WHAT IS BEING ASKED:
Transcribe the listing in full, word for word; pictures do not belong in the copy.

GIVEN MATERIAL:

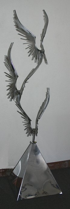 JERE, Curtis, (American, 20th C.): Eagles, chrome plated rod construction, approx. 72''h. x 16'' x 16'' on 18'' pyramid base.
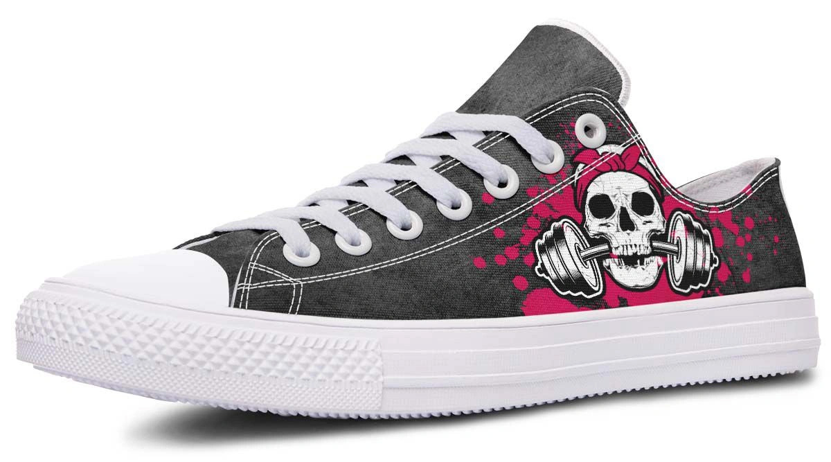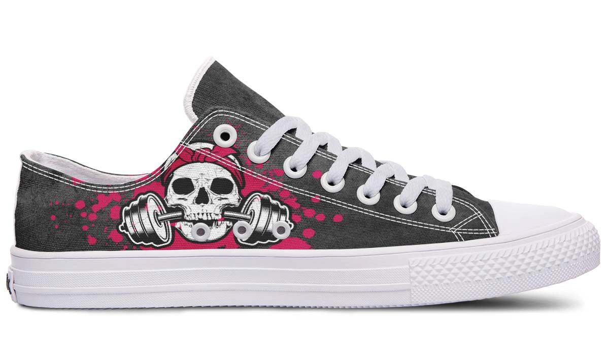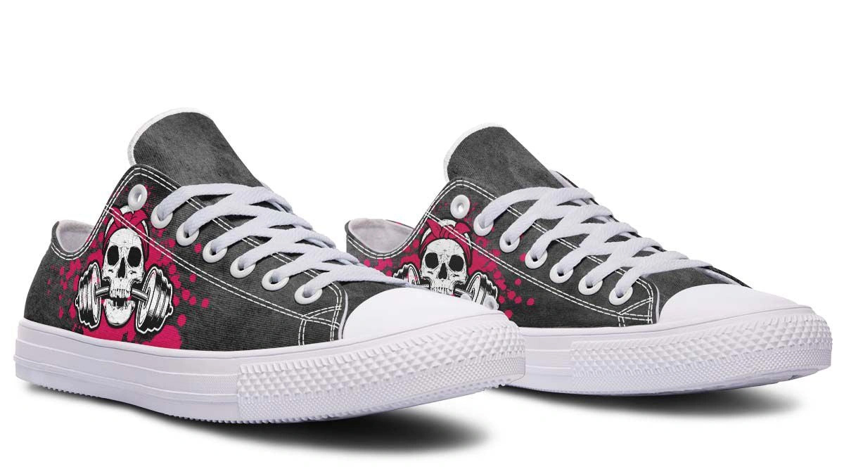 Stand out with Pink Skull & Dumbbell white lowtop sneakers. Edgy fitness-themed graphics on a sleek white design, perfect for gym lovers and casual style.
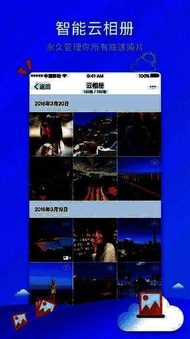 3、云相册:永久储存你的旅途相片,更有智能管理功能,查找、翻看很方便;
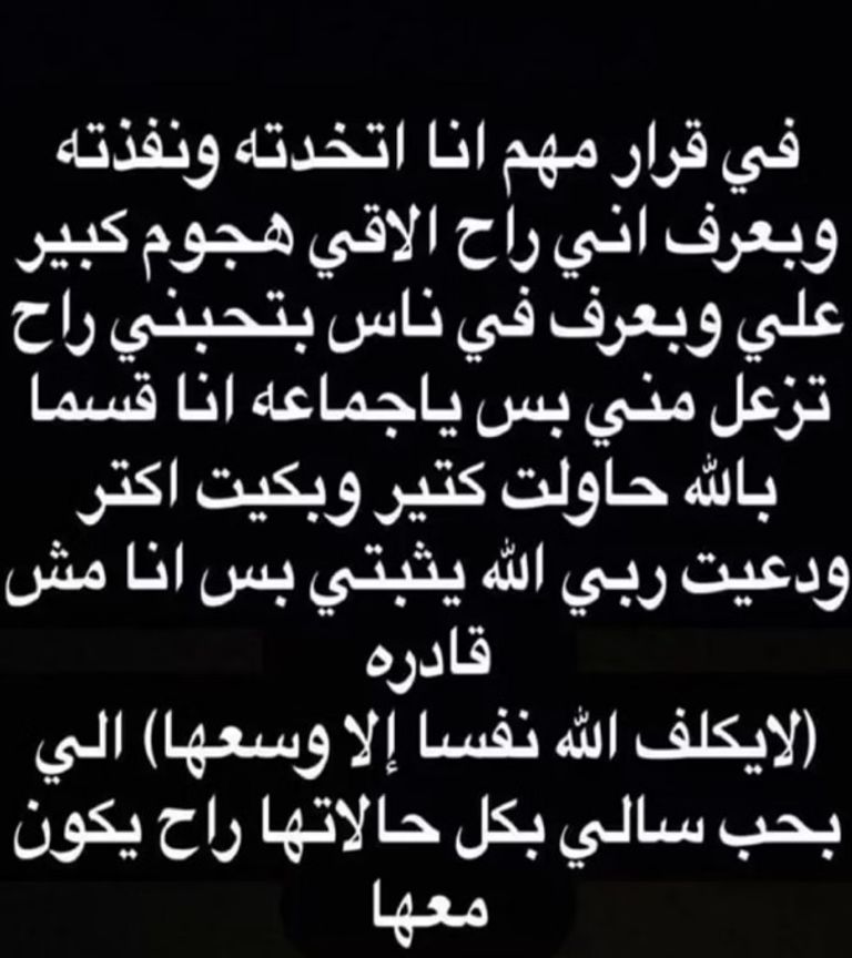وتمنت من متابعيها حينها، تفهم خطوتها، وكتبت في إحدى منشوراتها: "هناك قرار مهم أنا اتخذته ونفذته وأعرف أنني سأتعرض لهجوم كبير. وأعرف أن البعض ممن يحبني سيغضب مني. يا جماعة، قسماً بالله حاولت كثيراً وبكيت أكثر ودعيت ربي، الله يثبتني لكنني لم أستطع".

SOLUTION:
 JERE, Curtis, (American, 20th C.): Eagles, chrome plated rod construction, approx. 72''h. x 16'' x 16'' on 18'' pyramid base.
 Stand out with Pink Skull & Dumbbell white lowtop sneakers. Edgy fitness-themed graphics on a sleek white design, perfect for gym lovers and casual style.
 3、云相册:永久储存你的旅途相片,更有智能管理功能,查找、翻看很方便;
وتمنت من متابعيها حينها، تفهم خطوتها، وكتبت في إحدى منشوراتها: "هناك قرار مهم أنا اتخذته ونفذته وأعرف أنني سأتعرض لهجوم كبير. وأعرف أن البعض ممن يحبني سيغضب مني. يا جماعة، قسماً بالله حاولت كثيراً وبكيت أكثر ودعيت ربي، الله يثبتني لكنني لم أستطع".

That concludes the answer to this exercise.